新しいバイクに乗ると必ず行く所がある。愛宕山という山だ。


結構な急勾配でヘアピンの連続するつづら折れの峠道で都会と違って混むことがない。正確に言うと桜の季節だけは、桜まつりが行われていて混んでいる。かなり綺麗な桜が咲いている。この時期だけは大渋滞する。





MT-07に乗り始めたので、いつものように愛宕山を登る事にした。

順当に考えれば、R6→R50→岩間街道という組み立てになるのだが、もっとクネクネした道が走りたくて、高速道路の側道→楮川ダム→森林公園方面→岩間街道とアプローチする事にする。


必要以上に倒し込み、必要以上にスロットルを開けながら愛宕山までの道のりも楽しく走りながら進んで行く。





岩間街道に入る。前を走る車が少し早いペースで走っているので、後ろを同じくらいの速度でついて行く。


片側車線の真ん中より少し左側を走っていた。

前方の対向車線に右折待ちの車がいるのが見えた。

前を行く早いペースの車が、右折待ちの対向車とすれ違った瞬間、対向車が右折を開始した。俺がすぐ後ろにいるのにもかかわらずだ。


その瞬間、俺の身体が反応した。

リアブレーキを強く踏んで、上体がシッティングのブレーキターンの体制を取る。

フロントブレーキを強く握りABSがカッカッカッと音を立てて作動する。

同時にエンストを回避する為、クラッチレバーを握り、左足が勝手に2速分シフトダウンする。

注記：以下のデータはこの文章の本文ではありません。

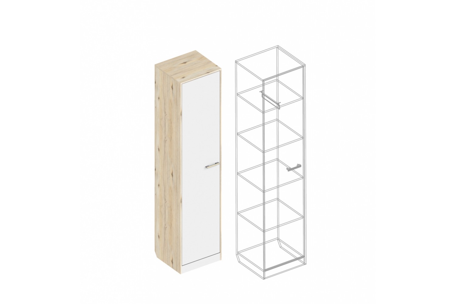 Описание Пенал «Милана» 1-ств с полками и вешалкой 500х450х2200
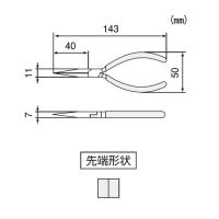先端薄型でくわえ部にギザがなく対象物を傷付けません。 先端部ギザなし。 用途 引抜き、つまみ、折曲げ作業などに。 先端部ギザなし 全長(mm):143 E×F(mm):1.4×3.2 落下防止用ひも取付穴:無 グリップ幅(mm):50 先端形状(mm)E×F:1.4×3.2 【サイズ】 125mm 【重量】 67g 【入数】 1点 PL05
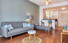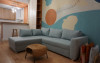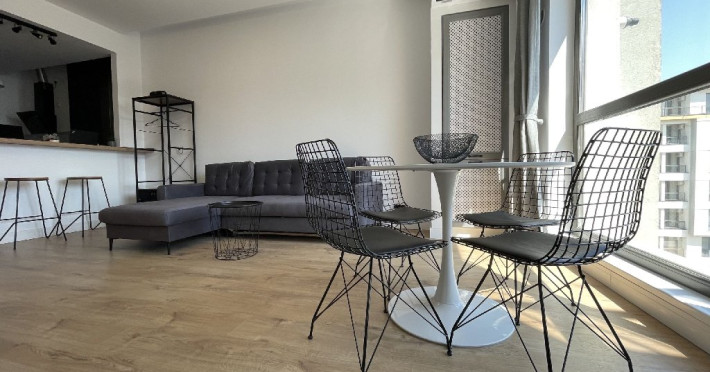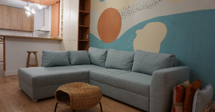 Sufrageria open-space: Sufrageria, cu un design modern, este punctul central al apartamentului. Canapeaua extensibila, in tonuri neutre, se potriveste perfect cu restul amenajarii. Sezlongul de catifea, asezat langa canapea, este locul ideal pentru momente de lectura sau relaxare. Zona de dining este practica si stilata, gata sa gazduiasca mese intime sau cu prietenii.

自然とシートの後ろに荷重を乗せるように下半身も動く。

後輪のABSが右足にフィードバックを伝えて来るが、そのまま踏み込む。

視線が右の道の先を見る。車はいない。

対向車の運転手の顔だけはチラ見出来た。じーさんだった。驚いた顔をしている。

そのまま、ブレーキターンのような姿勢で、右折して横の道に入った。

助かった。

転倒もなかったのは運がいい。

路面がドライだった事が幸いした。


頭に血がのぼっていて「こんな運転をする奴は決まってプリウスに乗るじーさんだ」

と思った。


すぐにUターンを開始するが、Uターンが終わる頃には、すでにプリウスのじーさんは、走り去った後だった。


少し頭を冷やして、思い起こしてみる。

俺の体の動きに即座に反応して、俺を裏切ることもなく、破綻することもなく、涼しい顔でこなしてくれる。

「こいつは、すごい奴だ」

「頼りになる相棒だ」

と強く思った。





気分を変えて少しゆっくりしたペースで愛宕山に向かう。

いつものように、急勾配のヘアピンを登って行く。


この急勾配の登り坂では、スロットルを開けながらコーナーリングをする必要がある。バンク角と速度が釣り合わないと安定した旋回ができない。

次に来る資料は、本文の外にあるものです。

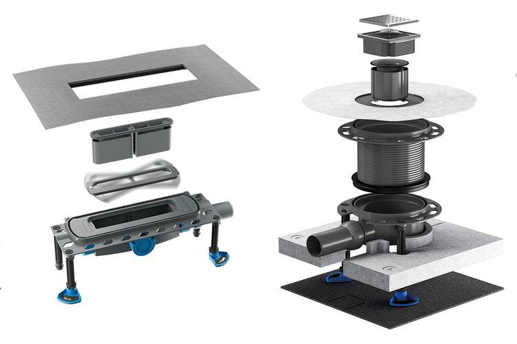 Zertifizierter Schallschutz nach DIN 4109 und VDI 4100 wird außerdem durch schallentkoppelte Montagefüße sowie geprüfte Schallschutzmatten und Montagehilfen passend zu den Ablaufgehäusen sichergestellt. Ein weiterer Vorteil: eine sichere und einfache Anbindung der Ablaufgehäuse an bauseits verwendete Wärme- bzw. Trittschalldämmung. Über schalldämmende Duschelemente ist es schließlich möglich, effektiven Schallschutz ganz ohne Estrichkonstruktion in der bodengleichen Dusche zu realisieren.
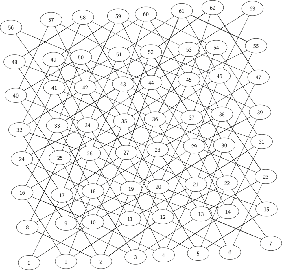 Figure 10.12.4 shows the complete graph of possible moves on an \(8 \times 8\) board. There are exactly 336 edges in the graph. Notice that the vertices corresponding to the edges of the board have fewer connections (legal moves) than the vertices in the middle of the board. Once again we can see how sparse the graph is. If the graph was fully connected there would be 4,096 edges. Since there are only 336 edges, the adjacency matrix would be only 8.2 percent full.
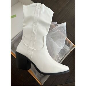 Chase + Chloe White With Black Accent Calf Justine Boot Size 8. New in box.
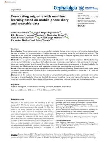 | Title: | Forecasting migraine with machine learning based on mobile phone diary and wearable data |
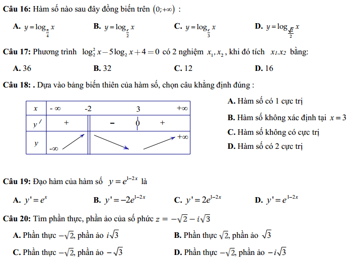 - Đề thi và đáp án môn Toán: Mã đề 123

速度が足りなければ思ったより内側に入るし、速ければ当然曲がりきれない。

スロットルを足したり引いたりすると安定しない。

自分の表現で言うなら「遠心力を使ったコーナーリング」という感覚だ。


MT-07でこの感覚を掴むのは、あまり難しくなかった。加減速に簡単に追従するレスポンスの良いエンジンと車体の軽さのおかげだ。


つづら折れのヘアピンも、こいつとなら、とても楽しめた。



この日は曇りで夕日を見ることはできなかった。思ったよりも早く日が暮れて暗くなった。